Maybe that's why, for the past year, I've discovered more music on Instagram than anywhere else. Instagram is a great source for truly live, un-retouched performances. I'm sure there are some uptight artists who employ a hair and makeup team, an engineer, auto-tune, and the full vanity production in every Insta-post, but most people probably approach it like I do: put on some pants, pick up a guitar, play, and let the notes fall where they may.

"It's inspiring to discover players like Mateus Asato, a 23-year-old Brazilian who is a master of the one-minute arrangement."

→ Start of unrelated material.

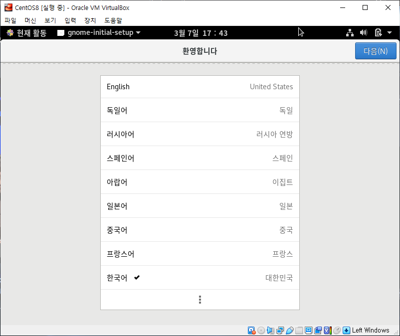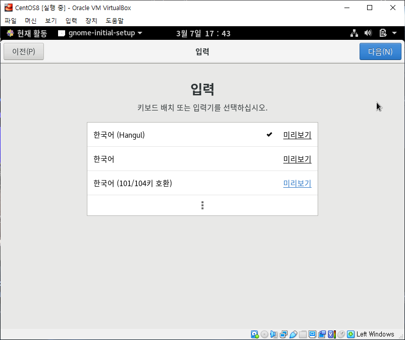 설정 완료후에 한국어를 선택하고 키보드는 한국어(Hangul)을 선택해야 한글 입력이 가능하다고 한다.

When I'm sitting around the house playing guitar and my infant daughter starts dancing along, Amy films it and posts it on the spot. When I'm on tour and our drummer Donnie Marple starts banging out a warm-up on a green-room couch, I'll join in, film, and post. When I'm deep into a 4 a.m. buzz mixing hippie pedal steel and uncontrollable analog delay with a recording of Marty Stuart or John Mayer, I post it before I can sober up and have the good sense to keep it to myself. Replete with clams, my stuff is so wabi-sabi you couldn't find a straight line or right angle in it to save your life. Yet, I find it strangely gratifying rather than embarrassing.

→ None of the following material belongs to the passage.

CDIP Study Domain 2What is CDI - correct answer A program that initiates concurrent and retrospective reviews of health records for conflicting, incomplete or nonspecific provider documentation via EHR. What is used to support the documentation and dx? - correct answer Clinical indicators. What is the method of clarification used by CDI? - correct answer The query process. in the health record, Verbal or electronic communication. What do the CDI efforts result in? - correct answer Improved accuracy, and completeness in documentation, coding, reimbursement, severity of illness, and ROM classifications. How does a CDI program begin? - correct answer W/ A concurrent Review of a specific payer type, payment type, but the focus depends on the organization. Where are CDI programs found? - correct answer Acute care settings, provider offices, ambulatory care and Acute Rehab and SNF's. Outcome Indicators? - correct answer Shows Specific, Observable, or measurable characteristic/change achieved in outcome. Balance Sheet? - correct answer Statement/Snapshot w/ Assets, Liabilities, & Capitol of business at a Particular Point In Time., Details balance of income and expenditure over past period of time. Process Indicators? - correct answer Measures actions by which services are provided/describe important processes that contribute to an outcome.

Speaking of John Mayer, Instagram is where I learned that when he's not playing music, he's unwinding by playing music, working up Bill Evans-style piano. Joe Bonamassa posts videos several times a week that feel like he's my friend, sitting right across from me, blowing out these killer lines while demonstrating the tonal nuances of another gem from a recent guitar safari. Check out @John5official to see the Telemaster slaying it in his pajamas.

But besides world-renowned musicians, it's inspiring to discover players like Mateus Asato, a 23-year-old Brazilian who is a master of the one-minute arrangement. Every post has a structure, with a beginning, middle, and end, and such perfect economy of notes they feel like musical haiku. Asato absolutely shreds, but his arrangements and melodic sensibilities will crush your soul with their beauty. There's Sweden's Emil Ernebro, who effortlessly blows through complex, funky fingerstyle songs perfectly in step with his racing metronome. I learn something every time I watch a post from my amigos Andy Wood, J.D. Simo, and Greg Koch—all virtuosos on everything from metal to bluegrass. There are compilation accounts like @ambientnotes and @pickupjazz, which scour Instagram and repost the best. I discover killer players every week that make me wonder why people keep hiring me with all this talent out there.

For decades, there were gatekeepers like record labels, radio, and TV that decided what we got to listen to. Now we can see and hear music in all its ragged, wabi-sabi glory from anybody with access to a cellphone and one bar of connectivity. Enjoy the imperfection while you can. Nothing lasts.